1. **The Chain Link 1 (IDOR):** You used integer IDs. The attacker finds your project at `id=50`. They guess `id=51`.
2. **The Chain Link 2 (Data Leak):** Your RLS policy allows public reads. The attacker fetches `id=51` and gets a hidden `creator_id` UUID.
3. **The Chain Link 3 (Broken Auth):** You created a Database Function to "Reset User Settings" but forgot to check if `auth.uid() == input_id`.

**The Kill:** The attacker calls your function via `rpc('reset_settings', { input_id: 'leaked-uuid-from-step-2' })`. They just wiped another user's configuration.

## The Audit Prompt

Use this prompt with your AI coding assistant to systematically audit your Supabase application for these vulnerabilities.

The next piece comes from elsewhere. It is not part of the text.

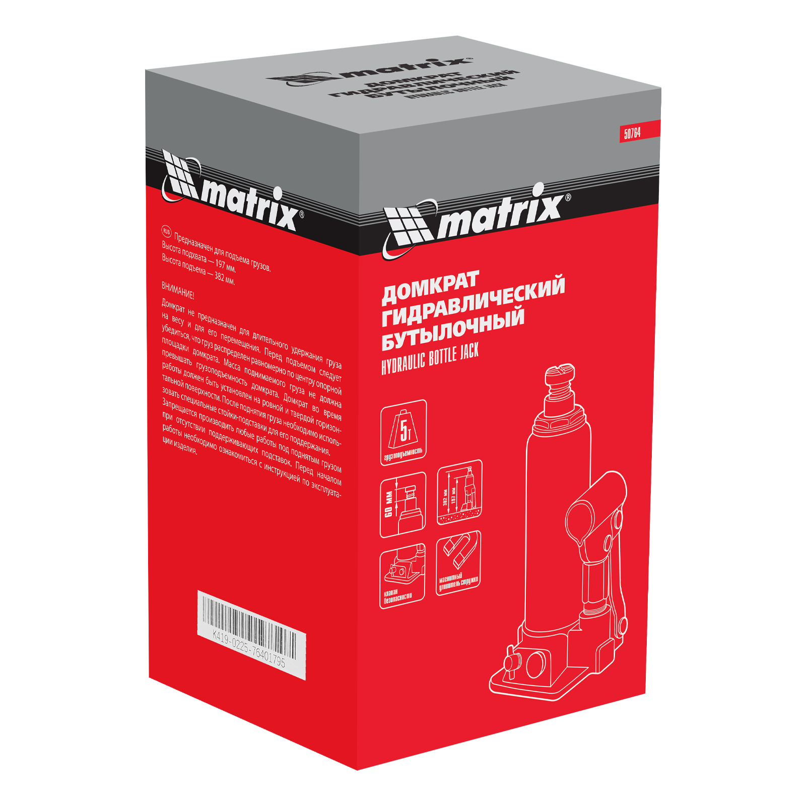 Домкрат гидравлический бутылочный, 5 т, h подъема 197-382 мм Matrix в Екатеринбурге

Ready to Audit Your System?

Copy this prompt and use it with your AI coding assistant to find vulnerabilities.

**Context:** I am hardening my Supabase application against advanced attack chains. In Supabase, the API (PostgREST) is a direct reflection of the database schema. I need to ensure that a single vulnerability (like a leaky RLS policy) cannot be chained with others (like IDOR or excessive data exposure) to compromise the system.

**Task:** Audit my SQL schema, RLS policies, and Database Functions for the following "Triple Threat" vulnerabilities:

**1. IDOR & Enumeration Check:**
* Identify any tables using `BigInt` or `Serial` (integer) primary keys instead of `UUID`.
* For existing integer keys, suggest a migration to `UUID` or a strategy to mask them using a `hashid` or a Public View.

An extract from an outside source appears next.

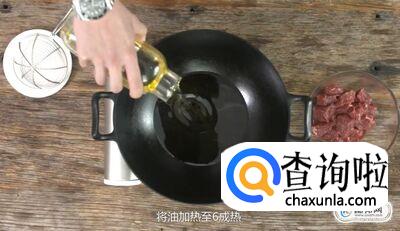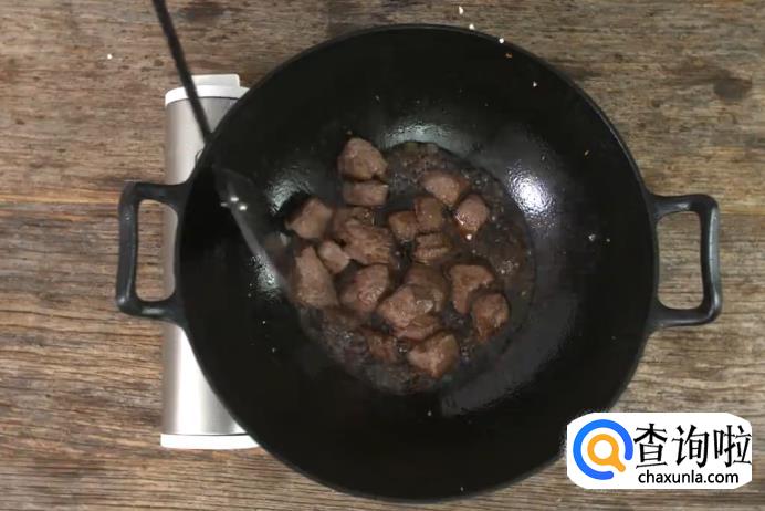 起油锅,将油加热至6成热时放入牛肉粒,将牛肉粒炸至外层起壳后捞出。

**2. Excessive Data Exposure (PostgREST Scrubbing):**
* Scan all tables for sensitive columns (e.g., `email`, `stripe_id`, `internal_notes`, `role`, `is_admin`).
* For these tables, write the SQL to create a **Secure View** using `WITH (security_invoker = true)` that excludes these sensitive fields.
* Provide the `REVOKE` and `GRANT` commands to ensure the `anon` and `authenticated` roles can only access the **View**, not the raw table.

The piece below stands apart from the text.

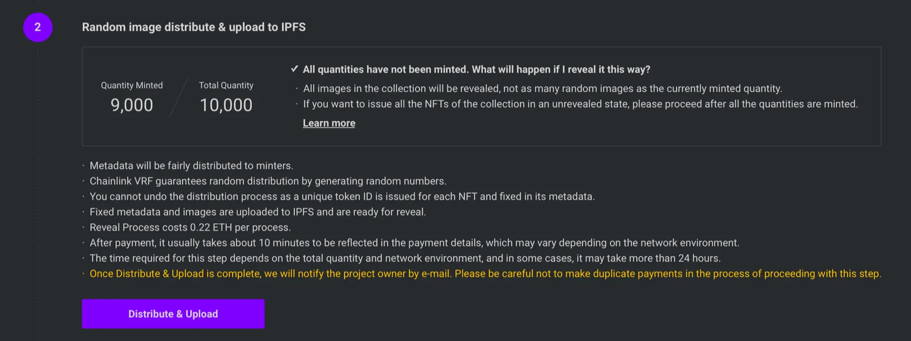 민팅이 100% 되지 않은 경우에 리빌을 하게 되면 민팅된 9,000개만 리빌 되는 것이 아닌, 10,000개가 모두 리빌됩니다.

**3. RLS Policy & Logic Audit:**
* Flag any RLS policies using `USING (true)` or `CHECK (true)`.
* Verify that every policy involving a user check uses the cached pattern: `((select auth.uid()) = user_id)` for performance and accuracy.
* Check all **Database Functions (RPCs)**:
* Ensure they are defined with `SECURITY INVOKER` by default.
* If `SECURITY DEFINER` is required, verify that `SET search_path = public` is present and that `auth.uid()` is manually checked inside the function body to prevent privilege escalation.

**4. Schema Hygiene:**
* Confirm all tables in the `public` schema have RLS enabled.
* Check for any "Shadow Admin" functions that bypass RLS but are exposed to the `authenticated` role.

**Output Requirement:** Provide a summary of found "holes" and the exact SQL migrations needed to fix them.